# The Grizzly 3 HP Router Motor



## gdaveg (Aug 1, 2020)

Bruce,

You might try turning the collet nut up (counter clockwise) after breaking it free, until it comes tight to the bit, put the wrenches on again and give another quarter-ish twist CCW and see if that breaks the bit free.

Maybe that will eliminate the prying on the bit. Might work, has for me in the past.


----------



## LittleBlackDuck (Feb 26, 2016)

Thanks for the review *101*... I have a *PC* body and if it goes *two toes up*, I have a fallback to consider as my lifter won't accept a normal router (plunge).

I don't expect my *PC* to *RIP*(ieces) for quite a while, however, hope I can remember this suggestion before *Uncle Alzhi* starts SMS'ing me…


----------



## bruc101 (Sep 13, 2008)

> Bruce,
> 
> You might try turning the collet nut up (counter clockwise) after breaking it free, until it comes tight to the bit, put the wrenches on again and give another quarter-ish twist CCW and see if that breaks the bit free.
> 
> ...


Thanks Dave for that info. I'll give it a try today if the problem exist.


----------



## bruc101 (Sep 13, 2008)

> Thanks for the review *101*... I have a *PC* body and if it goes *two toes up*, I have a fallback to consider as my lifter won t accept a normal router (plunge).
> 
> I don t expect my *PC* to *RIP*(ieces) for quite a while, however, hope I can remember this suggestion before *Uncle Alzhi* starts SMS ing me…
> 
> - LittleBlackDuck


I hope it doesn't crash on you either. Until I got a lift for my table, I used a 3.25 hp plunge PC I bought in the early 90's. I'ts definitely had a work out over the years. I also used it to fabricate 100's of sheets of solid surface counter tops over the years.

Never done anything to it but blow the dust off of it and has never let me down. My PC 3.25 router motor was bought less than 12 months ago and crashed after about 3 months of lite use. It stopped letting me adjust the speed on it about 2 months after I got it and then one day, it started trying to jump out of my table making all kinds of noises.

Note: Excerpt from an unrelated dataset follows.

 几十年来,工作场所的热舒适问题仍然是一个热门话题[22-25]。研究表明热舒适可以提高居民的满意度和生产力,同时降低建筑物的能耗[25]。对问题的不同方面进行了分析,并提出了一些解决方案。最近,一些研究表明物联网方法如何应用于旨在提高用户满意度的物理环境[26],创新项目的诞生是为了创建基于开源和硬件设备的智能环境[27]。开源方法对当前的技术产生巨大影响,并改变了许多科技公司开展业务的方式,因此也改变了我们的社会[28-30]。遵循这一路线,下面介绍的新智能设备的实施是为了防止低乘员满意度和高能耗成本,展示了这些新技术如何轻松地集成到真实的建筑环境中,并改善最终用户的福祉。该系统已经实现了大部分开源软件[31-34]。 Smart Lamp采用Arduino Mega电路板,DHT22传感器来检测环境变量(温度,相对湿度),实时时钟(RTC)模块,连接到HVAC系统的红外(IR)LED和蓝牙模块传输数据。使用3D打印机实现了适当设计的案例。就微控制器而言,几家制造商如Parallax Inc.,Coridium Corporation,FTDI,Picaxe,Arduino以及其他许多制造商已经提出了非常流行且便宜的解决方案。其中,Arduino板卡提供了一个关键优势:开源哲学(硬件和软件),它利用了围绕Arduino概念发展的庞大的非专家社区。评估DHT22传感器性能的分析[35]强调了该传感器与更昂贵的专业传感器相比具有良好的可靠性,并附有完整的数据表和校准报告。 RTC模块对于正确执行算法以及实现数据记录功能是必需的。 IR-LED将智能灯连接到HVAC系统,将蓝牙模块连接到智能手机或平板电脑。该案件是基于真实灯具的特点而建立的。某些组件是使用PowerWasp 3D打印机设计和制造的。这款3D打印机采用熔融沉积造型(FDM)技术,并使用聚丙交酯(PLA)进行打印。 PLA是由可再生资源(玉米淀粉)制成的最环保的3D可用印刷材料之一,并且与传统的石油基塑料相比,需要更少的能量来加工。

Tried all the PC repair facilities and they said sorry, no can work on it, no parts for it anymore. That ended my ever buying anything PC anymore.


----------



## splintergroup (Jan 20, 2015)

> Bruce,
> 
> You might try turning the collet nut up (counter clockwise) after breaking it free, until it comes tight to the bit, put the wrenches on again and give another quarter-ish twist CCW and see if that breaks the bit free.
> 
> ...


This ^^^

Some collets are described as "self-releasing". My Milwaukee is that way, after the nut is loose, it'll spin freely for a full turn or so then hit the release point where the wrenches are required for another 1/4 turn.


----------



## bruc101 (Sep 13, 2008)

> Bruce,
> 
> You might try turning the collet nut up (counter clockwise) after breaking it free, until it comes tight to the bit, put the wrenches on again and give another quarter-ish twist CCW and see if that breaks the bit free.
> 
> ...


That's how my PC collects work. I got a call into Griz and they suggested to lightly sand the inside of the collects with some fine sand paper and do the same thing to the router cutter shafts.

I gave that a try and so far the cutters release with very little effort and slide right of the collect and slide back in with no effort.

As I stated earlier, I've never used any collects like these before and didn't know what to expect. All I had to do today was unlock the collect and turn the nut until I could turn it with my fingers. Turn it about a turn and the cutter will slide right out.

After using the router motor for awhile, and hope the collect issue is resolved, I'm beginning to like the motor more every use. I really like how quiet it is and had a chance to run it at full rpm's today. I don't think it has the grunt the PC does but it's doing what I call on it to do with no power problems.

I certainly appreciate and thank you guys for replying and offering your suggestions. I'll update if I have anymore issues with it.


----------



## LittleBlackDuck (Feb 26, 2016)

*Boys* and *Girls*, this may be of some assistance. It's the instructions from my *Beall Colett Chuck*,


----------



## bruc101 (Sep 13, 2008)

> *Boys* and *Girls*, this may be of some assistance. It s the instructions from my *Beall Colett Chuck*,
> 
> 
> 
> ...


Interesting. Thanks for sharing.


----------



## BertL (May 21, 2016)

I find that my router bits stick when fully bottomed out in the collet. Now, when I install the bit, I bottom it out, then raise it a fraction of an inch before tightening. Then, after I loosen the collet to remove the bit, I push the bit down slightly, and it frees right up for easy removal. Maybe that will work for you - without sanding.


----------



## bruc101 (Sep 13, 2008)

> I find that my router bits stick when fully bottomed out in the collet. Now, when I install the bit, I bottom it out, then raise it a fraction of an inch before tightening. Then, after I loosen the collet to remove the bit, I push the bit down slightly, and it frees right up for easy removal. Maybe that will work for you - without sanding.
> 
> - BertL


Thanks for the info. I'll give that a try tomorrow.


----------